Personally I enjoyed it! Hector was gorgeous! And as joanna said Steve your big girl looks even more amazing on film than on pics!! Looking forward to seeing next weeks episode! The beardie woman annoyed me tho I don't think it's right for people to say that she doesn't know what she is doing because she didn't dust the bugs... I don't dust everytime, there is such a thing as over dosing. But im not trying to start a debate so I shall continue. I also thought some of the music on the show was terrible but I don't think it made it show reptile keepers in a bad light. The reptile rescue guy was amazing... But I did wonder if they made him wear that jacket and hat, rarther than it being something he would actually wear on a day to day basis! I thought the first shop looked amazing!! Would really like to visit, all the enclosures were great and really clean! 

Oh and couldn't stop laughing at hectors tv!!!


----------



## Roseanna (Apr 26, 2010)

beckyyjane said:


> Ohh Deffo! Poor wee mite! Was such a state! Makes ya think how people can do it eh!
> 
> 
> 
> ...


 one bad thing about the show... it's making me want a monitor lizard :\ LOL.

yup same here! can't wait to see next weeks one :2thumb:


----------



## Girlie (Apr 1, 2009)

I thought it was a good programme... Would've luv to have seen some frillies tho  but, thats just me


----------



## beckyyjane (Nov 14, 2010)

Roseanna said:


> one bad thing about the show... it's making me want a monitor lizard :\ LOL.
> 
> yup same here! can't wait to see next weeks one :2thumb:


Yeah been thinking about a monitor for a while & that didnt help me fight that craving haha!!!


----------



## Roseanna (Apr 26, 2010)

bumbleyjoe said:


> Personally I enjoyed it!

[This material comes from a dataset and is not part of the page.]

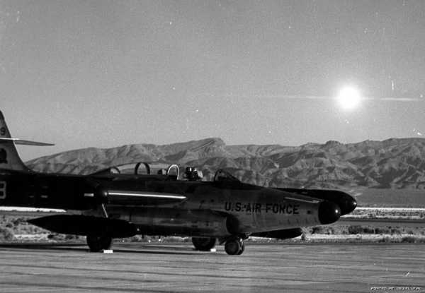 23. Вспышка взорвавшейся ядерной боеголовки ракеты класса воздух-воздух в 7:30 утра 19 июля 1957 года на авиабазе «Indian Springs», в 48 км от места взрыва. На переднем плане – однотипный летательный аппарат «Скорпион». (National Nuclear Security Administration / Nevada Site Office)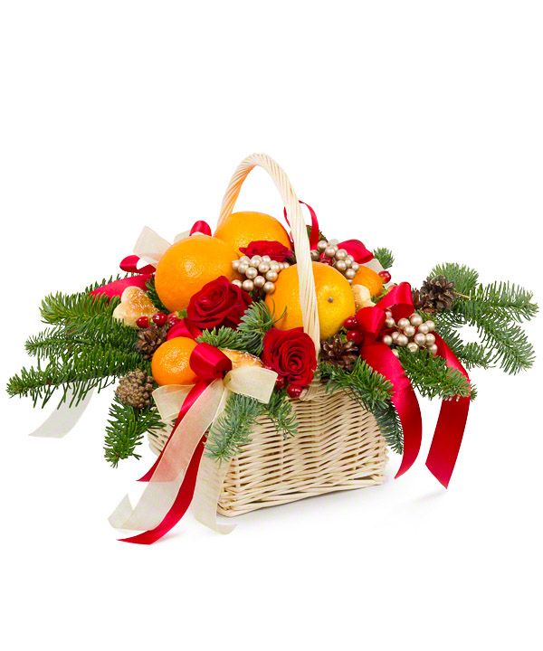 Головна / Квіти / Квіти / Святкові новорічні букети / Новорічний презент в кошику

Hector was gorgeous! And as joanna said Steve your big girl looks even more amazing on film than on pics!! Looking forward to seeing next weeks episode! The beardie woman annoyed me tho I don't think it's right for people to say that she doesn't know what she is doing because she didn't dust the bugs... I don't dust everytime, there is such a thing as over dosing. But im not trying to start a debate so I shall continue. I also thought some of the music on the show was terrible but I don't think it made it show reptile keepers in a bad light. The reptile rescue guy was amazing... But I did wonder if they made him wear that jacket and hat, rarther than it being something he would actually wear on a day to day basis! I thought the first shop looked amazing!! Would really like to visit, all the enclosures were great and really clean!
> 
> Oh and couldn't stop laughing at hectors tv!!!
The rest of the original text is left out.